Exercise instructions: Word for word, output every line of the material below, minus pictures.
------------------------------------------------------------
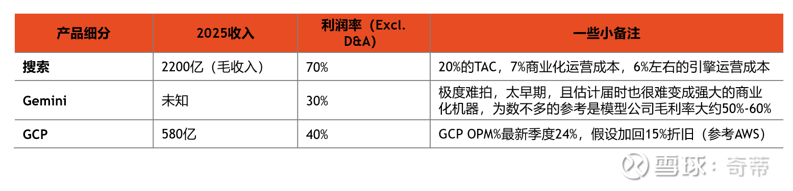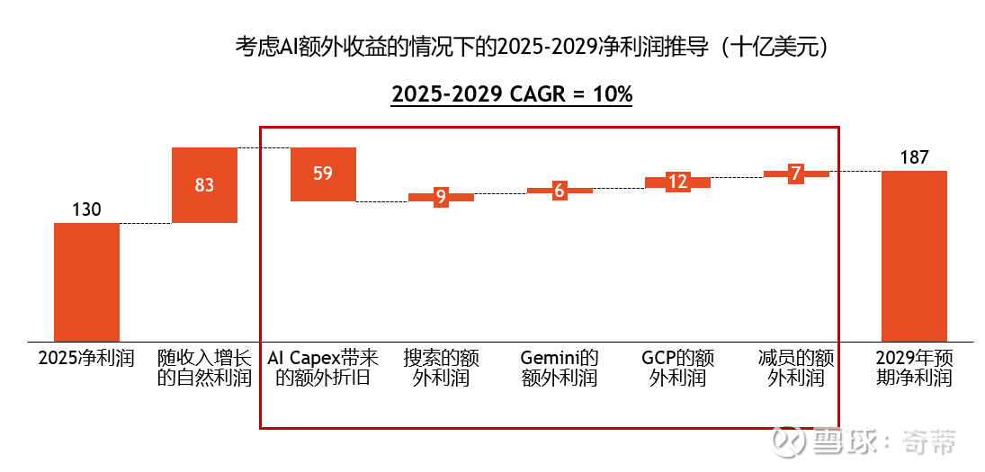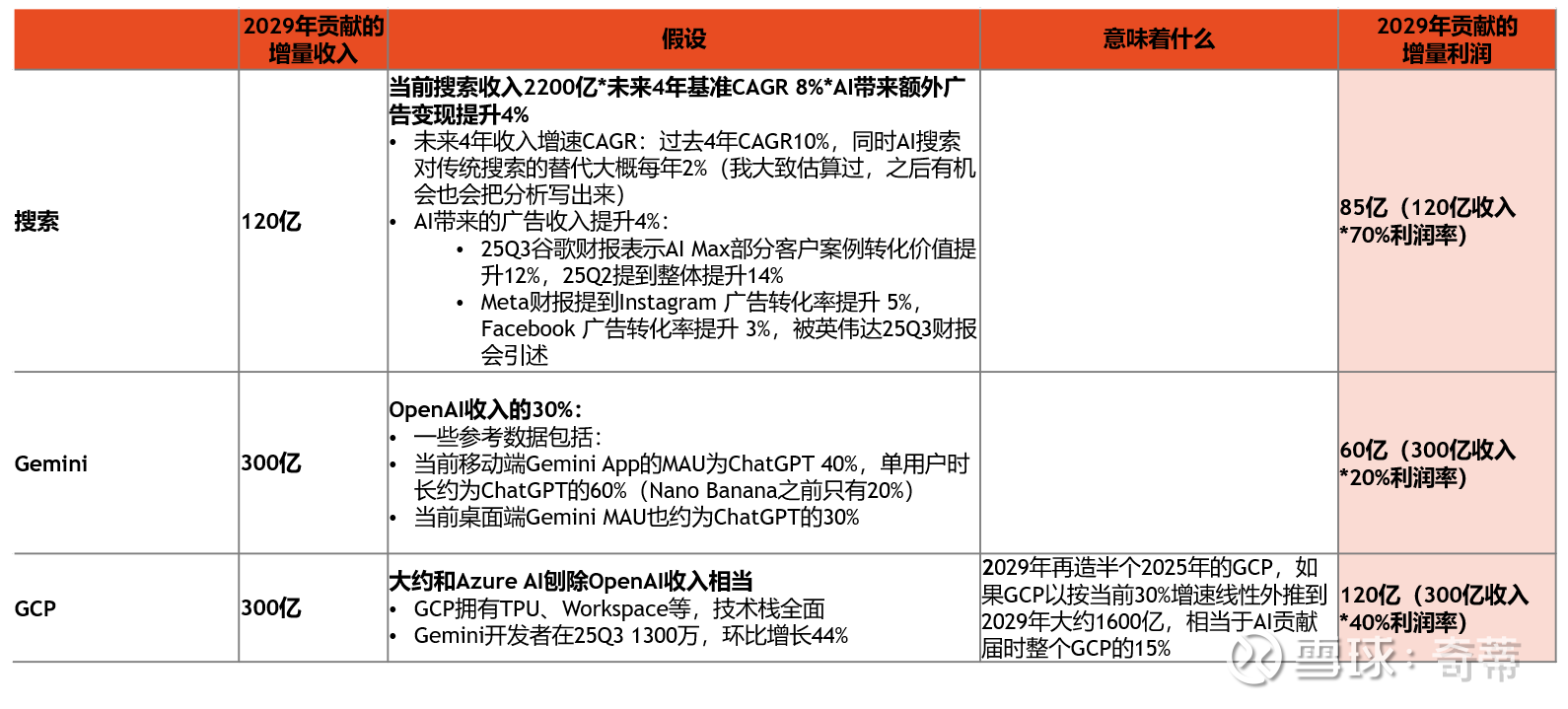 4.来个最终汇总,在“奇蒂”Case下谷歌的未来4年利润大概会长什么样,带来的收益不能完全抵消AI Capex的额外折旧(330亿vs.590亿),净利润未来4年CAGR能做到10%。这里的核心假设其实是GCP和Gemini,这两者对测算影响很大。比如前者的TPU到底带来多大优势?后者未来几年能实现什么货币化空间和利润率水平?现在都还有点看不清,辩论空间很大,但我都不算是很专家,先暂时这么说
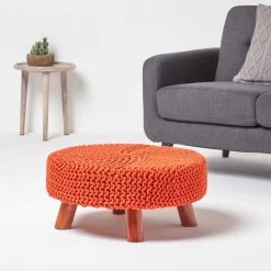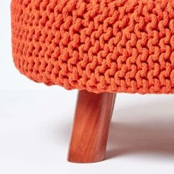 Colourful burnt orange 100% cotton chunky knitted footstool, measuring approximately 30 cm tall and 62 cm wide. Features three wooden legs.
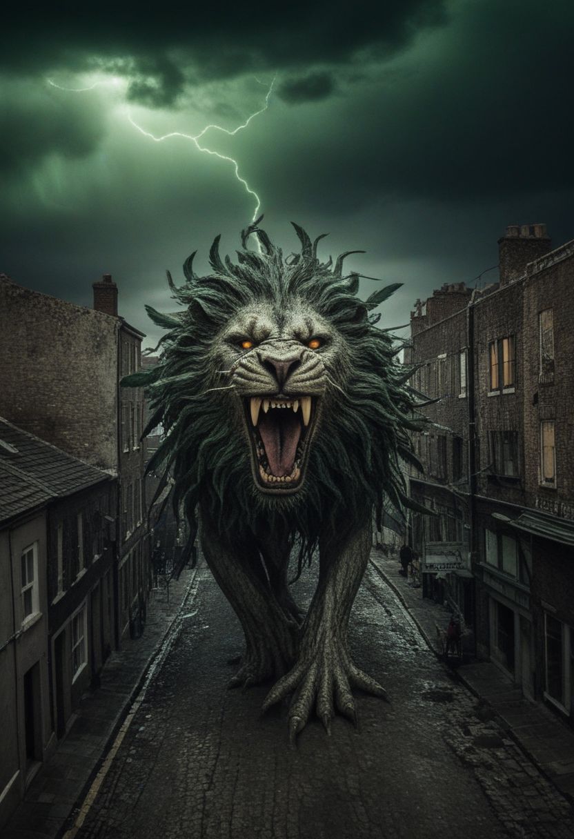[(very high angle photograph), (looking downward and across the scene)] , ((intense fisheyelens photograph)/(strong fishseyeview photograph)) of ((a dark, oppressive townscape) (in the centre is a giant, fearsome and grotesque figure), (the figure's face is like a fierce lion, with fiery, glaring eyes full of wrath and arrogance, its mouth, twisted in a perpetual snarl, reveals sharp, menacing teeth), (the figure's body is serpentine , long and coiled, covered in scales that shimmer with dark light), (the figure's body winds around jagged, rocky terrain, creating an eerie, labyrinthine environment)), ((at the edges of the townscape are other demons with distorted features, blending human and animalist elements, elongated limbs and sharp claws, wings with tattered feathers, and grotesque faces marked by blind, hollow eyes and twisted, cruel expressions)), ((in the distance, above the townscape, is a swirling vortex of dark clouds, occasionally pierced by flashes of sickly green lightning), (oppressive, chaotic)), intricate, detailed, echoimages, ((long exposure motion photos) overlayed on (sharp short exposure )), (strange afterimages), (multiple exposures), ((low opacity, Lovecraftian double exposure overlays), experimental angles, contrasting lighting and shadows, epiCNegative, epiCRealism,
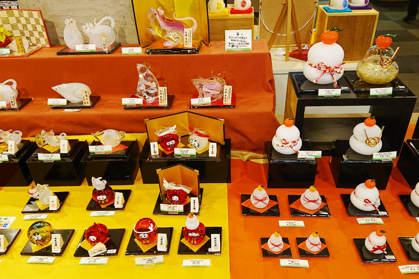 また、季節ごとに商品が違うのですが、今年はねずみ年ということもあり、干支のネズミや鏡餅までガラスでできておりました!!!
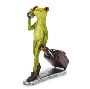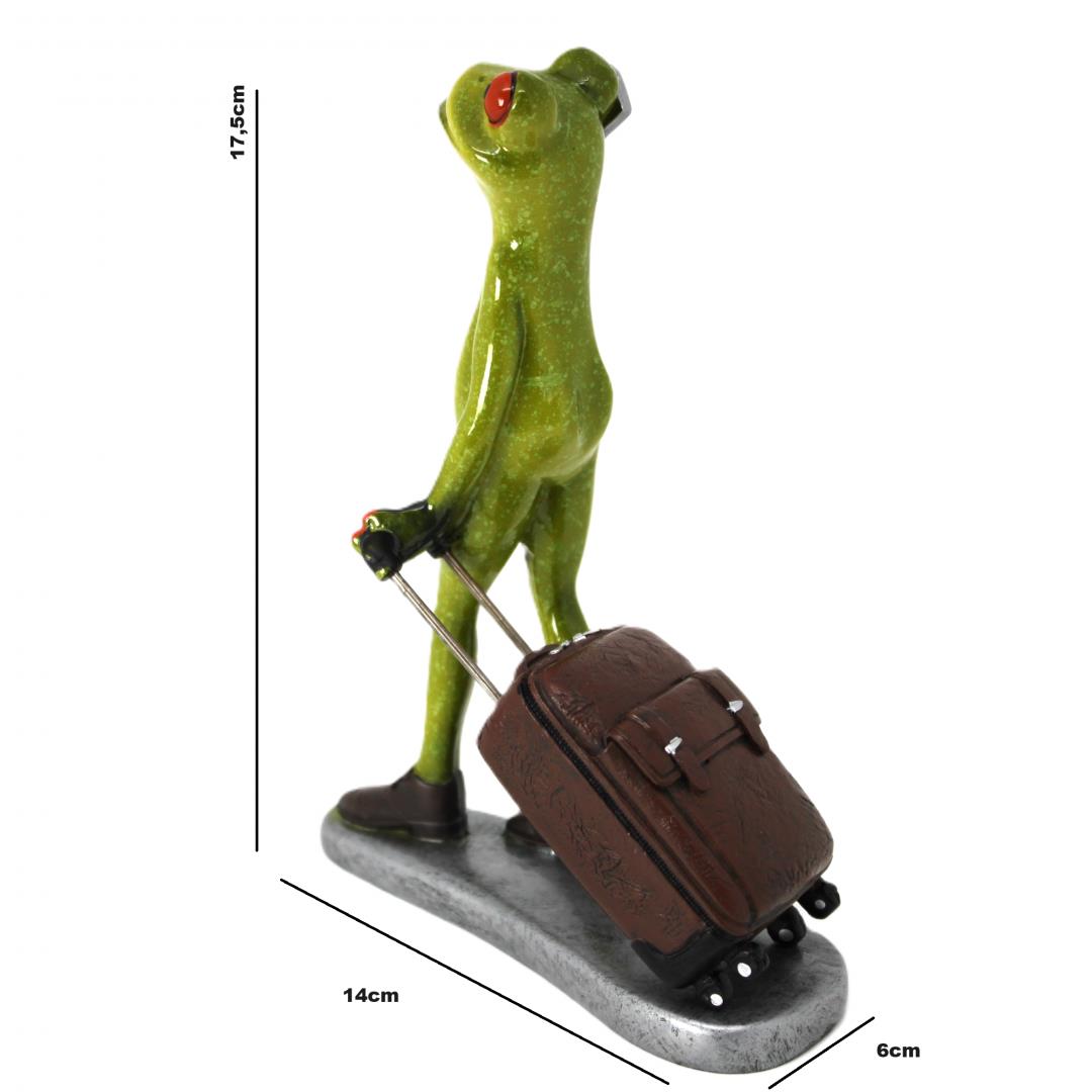 FIGURKA ŻABA Z WALIZKĄ PODRÓŻNIK 17,5X14X6CM
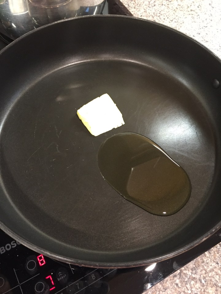 In a large frying pan heat a large nob of butter and a tablespoon of olive oil
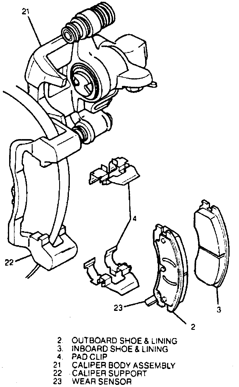 10. Install pad clips and outboard and inboard shoe and linings in caliper support. Ensure wear sensor is on outboard shoe positioned downward at leading edge of rotor during forward wheel rotation.
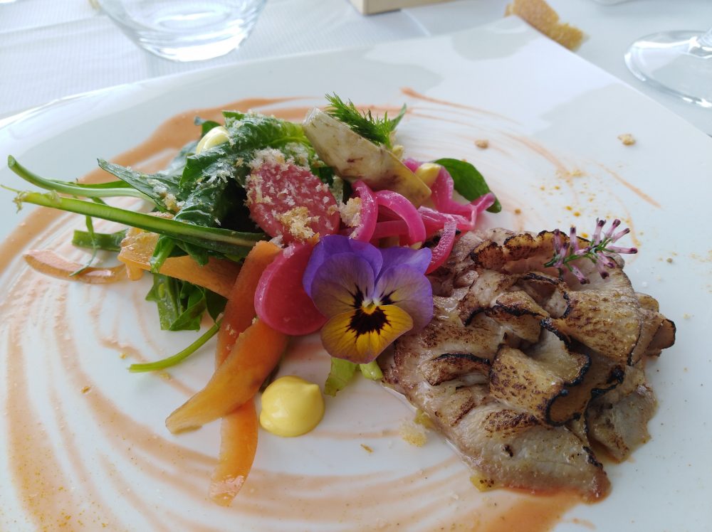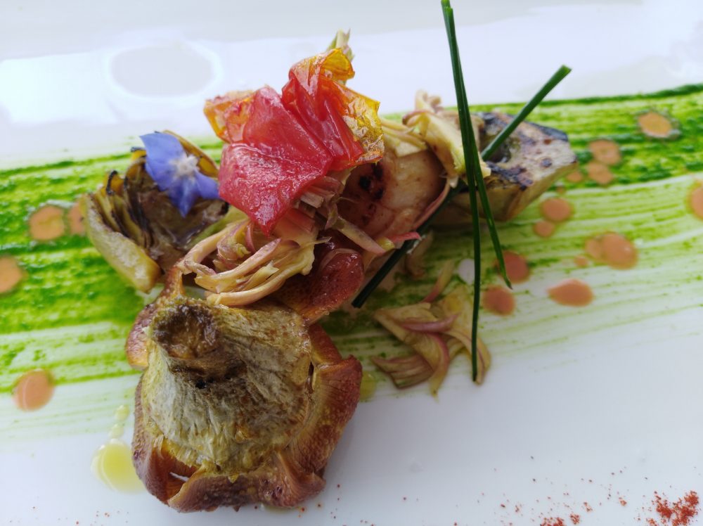 E che dire poi del piatto successivo di Capasanta scottata e tre diversi modi di presentare il carciofo: crudo, grigliato e fritto? Un vero capolavoro, con il mollusco che si presenta bello sodo, tenero e gustoso, mentre i carciofi, che come sappiamo amano un clima più fresco che caldo, in questo ambiente più autunnale che primaverile si trovano perfettamente a loro agio. Carnosi e leggermente amarognoli al punto giusto.
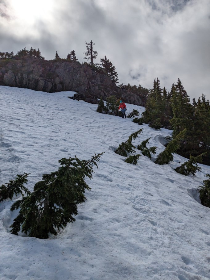 We parked at 1040m and made our way up the recent slash to the tree line where travel got a bit easier. We wound our way up and across the ridge to the first high point and began to get confused.
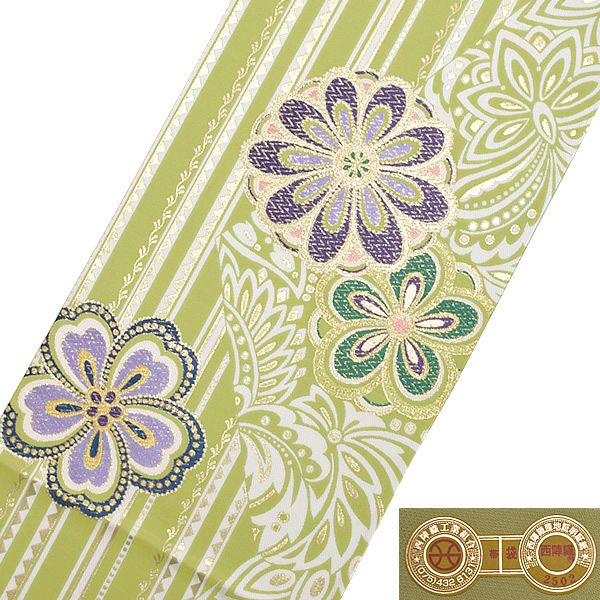 他の画像を見る 送料無料 店頭あり 華やかな振袖帯 袋帯 西陣織 絹帯 お手持ちの振袖、ママ振・姉振に合わせて 【Prices down4】振袖 帯 「黄緑色 蜀江文様と桜」 日本製 西陣織 証紙番号2219 絹 未仕立て 六通柄 振袖用 袋帯 振袖帯 【メール便不可】<T>ss2512ofk30 きもの町価格 ¥ 39,373 税込 カートに入れる お気に入りに登録する
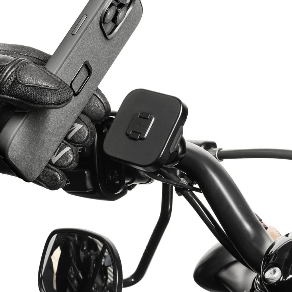 Všestranný a bezpečný držák telefonu na motorku, který je krásný, odolný, nastavitelný a úžasně snadno se používá - nyní s nejrychlejším bezdrátovým nabíjením díky certifikaci Qi2*. Přestaň se trápit s držáky, které jsou objemné, neohrabané a nevzhledné. Držák lze bezpečně připevnit na závity šroubů objímky brzdy nebo spojky motocyklu. Je kompatibilní se závity šroubů většiny brzd a spojek a je ideální pro motocykly, kde již na řídítkách nezbývá místo nebo pro cruisery typu V-twin s průměrem řídítek více než 1,25”. Mimořádně silný magneticko-mechanický zámek (SlimLink™) telefon uchopí a uzamkne tak snadno, že tě to naprosto okouzlí. Telefon můžeš okamžitě vyjmout stisknutím tlačítka - dokonce i v rukavicích. Pevné nastavovací rameno s volně otočným kulovým čepem umožňuje přizpůsobit polohu telefonu pro optimální zobrazení. Nejlepší tlumič vibrací ve své třídě zabraňuje poškození telefonu i při jízdě v terénu, ale zároveň zachovává dostatečnou tuhost, abys mohl s telefonem snadno pracovat i během jeho uchycení. Konstrukce z obráběného/anodizovaného hliníku odolná proti povětrnostním vlivům s upevňovacími prvky z nerezové oceli. více
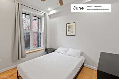 A perfect shared apartment for couples, this Shaw unit is ideally located near numerous entertainment and dining options. At 1085-square-feet, this 3-bedroom, 2.5-bathroom apartment occupies the basement and first floor of a lovely, Victorian-era rowhome on Florida Avenue. Recently remodeled, this unit comes fully loaded with ceiling fans, central heating and air conditioning, modern lighting fixtures, new stainless kitchen appliances, paid WiFi, a wall-mounted TV. This apartment also includes a washer and dryer for you to do your laundry. Recessed lighting illuminates spacious bedrooms that accommodate queen-size beds and additional furniture, such as nightstands and dressers or desks. The master bedroom on the top floor offers a private bathroom with a combination jacuzzi bathtub and shower, as well as a walk-in closet. All bedrooms include windows for natural light and can be fully furnished by June for an additional fee. The fully-applianced kitchen includes a dishwasher and beautiful granite countertops that perfectly match the cabinets and drawers. A cozy living room adjacent to the kitchen is a perfect place to kick back and relax on a sectional couch. This LeDroit Park apartment includes a back door that leads out to a small, fenced-in patio. Street parking is available in the rear.
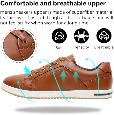 Mens sneakers upper is made of superfiber material leather, which is soft, tough and breathable. and will not feel stuffy when worn for a long time. Good cushioning, comfortable to wear for long periods of time.
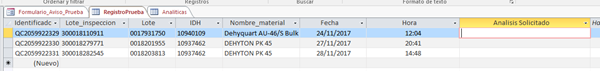 En cuanto al registro de datos es sencillo, después de introducir a mano el campo Lote_inspeccion, se cargan el resto de datos mediante un script desde SAP (Que es la suite que utilizan para gestionar toda la faena). Eso ya está realizado y funciona correctamente
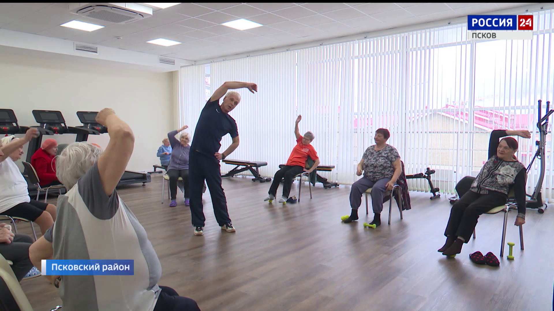 "Обычные упражнения на все группы мышц. Потому что особенно те, кто маломобильные, нужно все группы мышц прокачать, чтобы у них по крайней мере кровь побежала, я уж не говорю про мускулатуру: кровь побежала, лимфа начнет уходить — оздоравливающее это все. Ну и по индивидуальным показаниям: я вижу глазами, у кого что плохо", — Александр Луговцев, инструктор по адаптивной физической культуре Псковского социального городка.
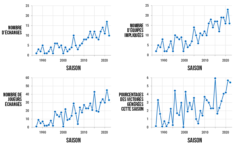 D’après Todd Whitehead, la NBA a ainsi enregistré 10 transferts le 10 février, avec 16 équipes impliquées et 33 joueurs qui ont changé de maillot, eux qui représentaient 5.4% des victoires générées cette saison. C’est moins que l’an passé, mais l’intensité de la “trade deadline” est globalement en hausse depuis plusieurs saisons.
------------------------------------------------------------
Output:
 4.来个最终汇总,在“奇蒂”Case下谷歌的未来4年利润大概会长什么样,带来的收益不能完全抵消AI Capex的额外折旧(330亿vs.590亿),净利润未来4年CAGR能做到10%。这里的核心假设其实是GCP和Gemini,这两者对测算影响很大。比如前者的TPU到底带来多大优势?后者未来几年能实现什么货币化空间和利润率水平?现在都还有点看不清,辩论空间很大,但我都不算是很专家,先暂时这么说
 Colourful burnt orange 100% cotton chunky knitted footstool, measuring approximately 30 cm tall and 62 cm wide. Features three wooden legs.
[(very high angle photograph), (looking downward and across the scene)] , ((intense fisheyelens photograph)/(strong fishseyeview photograph)) of ((a dark, oppressive townscape) (in the centre is a giant, fearsome and grotesque figure), (the figure's face is like a fierce lion, with fiery, glaring eyes full of wrath and arrogance, its mouth, twisted in a perpetual snarl, reveals sharp, menacing teeth), (the figure's body is serpentine , long and coiled, covered in scales that shimmer with dark light), (the figure's body winds around jagged, rocky terrain, creating an eerie, labyrinthine environment)), ((at the edges of the townscape are other demons with distorted features, blending human and animalist elements, elongated limbs and sharp claws, wings with tattered feathers, and grotesque faces marked by blind, hollow eyes and twisted, cruel expressions)), ((in the distance, above the townscape, is a swirling vortex of dark clouds, occasionally pierced by flashes of sickly green lightning), (oppressive, chaotic)), intricate, detailed, echoimages, ((long exposure motion photos) overlayed on (sharp short exposure )), (strange afterimages), (multiple exposures), ((low opacity, Lovecraftian double exposure overlays), experimental angles, contrasting lighting and shadows, epiCNegative, epiCRealism,
 また、季節ごとに商品が違うのですが、今年はねずみ年ということもあり、干支のネズミや鏡餅までガラスでできておりました!!!
 FIGURKA ŻABA Z WALIZKĄ PODRÓŻNIK 17,5X14X6CM
 In a large frying pan heat a large nob of butter and a tablespoon of olive oil
 10. Install pad clips and outboard and inboard shoe and linings in caliper support. Ensure wear sensor is on outboard shoe positioned downward at leading edge of rotor during forward wheel rotation.
 E che dire poi del piatto successivo di Capasanta scottata e tre diversi modi di presentare il carciofo: crudo, grigliato e fritto? Un vero capolavoro, con il mollusco che si presenta bello sodo, tenero e gustoso, mentre i carciofi, che come sappiamo amano un clima più fresco che caldo, in questo ambiente più autunnale che primaverile si trovano perfettamente a loro agio. Carnosi e leggermente amarognoli al punto giusto.
 We parked at 1040m and made our way up the recent slash to the tree line where travel got a bit easier. We wound our way up and across the ridge to the first high point and began to get confused.
 他の画像を見る 送料無料 店頭あり 華やかな振袖帯 袋帯 西陣織 絹帯 お手持ちの振袖、ママ振・姉振に合わせて 【Prices down4】振袖 帯 「黄緑色 蜀江文様と桜」 日本製 西陣織 証紙番号2219 絹 未仕立て 六通柄 振袖用 袋帯 振袖帯 【メール便不可】<T>ss2512ofk30 きもの町価格 ¥ 39,373 税込 カートに入れる お気に入りに登録する
 Všestranný a bezpečný držák telefonu na motorku, který je krásný, odolný, nastavitelný a úžasně snadno se používá - nyní s nejrychlejším bezdrátovým nabíjením díky certifikaci Qi2*. Přestaň se trápit s držáky, které jsou objemné, neohrabané a nevzhledné. Držák lze bezpečně připevnit na závity šroubů objímky brzdy nebo spojky motocyklu. Je kompatibilní se závity šroubů většiny brzd a spojek a je ideální pro motocykly, kde již na řídítkách nezbývá místo nebo pro cruisery typu V-twin s průměrem řídítek více než 1,25”. Mimořádně silný magneticko-mechanický zámek (SlimLink™) telefon uchopí a uzamkne tak snadno, že tě to naprosto okouzlí. Telefon můžeš okamžitě vyjmout stisknutím tlačítka - dokonce i v rukavicích. Pevné nastavovací rameno s volně otočným kulovým čepem umožňuje přizpůsobit polohu telefonu pro optimální zobrazení. Nejlepší tlumič vibrací ve své třídě zabraňuje poškození telefonu i při jízdě v terénu, ale zároveň zachovává dostatečnou tuhost, abys mohl s telefonem snadno pracovat i během jeho uchycení. Konstrukce z obráběného/anodizovaného hliníku odolná proti povětrnostním vlivům s upevňovacími prvky z nerezové oceli. více
 A perfect shared apartment for couples, this Shaw unit is ideally located near numerous entertainment and dining options. At 1085-square-feet, this 3-bedroom, 2.5-bathroom apartment occupies the basement and first floor of a lovely, Victorian-era rowhome on Florida Avenue. Recently remodeled, this unit comes fully loaded with ceiling fans, central heating and air conditioning, modern lighting fixtures, new stainless kitchen appliances, paid WiFi, a wall-mounted TV. This apartment also includes a washer and dryer for you to do your laundry. Recessed lighting illuminates spacious bedrooms that accommodate queen-size beds and additional furniture, such as nightstands and dressers or desks. The master bedroom on the top floor offers a private bathroom with a combination jacuzzi bathtub and shower, as well as a walk-in closet. All bedrooms include windows for natural light and can be fully furnished by June for an additional fee. The fully-applianced kitchen includes a dishwasher and beautiful granite countertops that perfectly match the cabinets and drawers. A cozy living room adjacent to the kitchen is a perfect place to kick back and relax on a sectional couch. This LeDroit Park apartment includes a back door that leads out to a small, fenced-in patio. Street parking is available in the rear.
 Mens sneakers upper is made of superfiber material leather, which is soft, tough and breathable. and will not feel stuffy when worn for a long time. Good cushioning, comfortable to wear for long periods of time.
 En cuanto al registro de datos es sencillo, después de introducir a mano el campo Lote_inspeccion, se cargan el resto de datos mediante un script desde SAP (Que es la suite que utilizan para gestionar toda la faena). Eso ya está realizado y funciona correctamente
 "Обычные упражнения на все группы мышц. Потому что особенно те, кто маломобильные, нужно все группы мышц прокачать, чтобы у них по крайней мере кровь побежала, я уж не говорю про мускулатуру: кровь побежала, лимфа начнет уходить — оздоравливающее это все. Ну и по индивидуальным показаниям: я вижу глазами, у кого что плохо", — Александр Луговцев, инструктор по адаптивной физической культуре Псковского социального городка.
 D’après Todd Whitehead, la NBA a ainsi enregistré 10 transferts le 10 février, avec 16 équipes impliquées et 33 joueurs qui ont changé de maillot, eux qui représentaient 5.4% des victoires générées cette saison. C’est moins que l’an passé, mais l’intensité de la “trade deadline” est globalement en hausse depuis plusieurs saisons.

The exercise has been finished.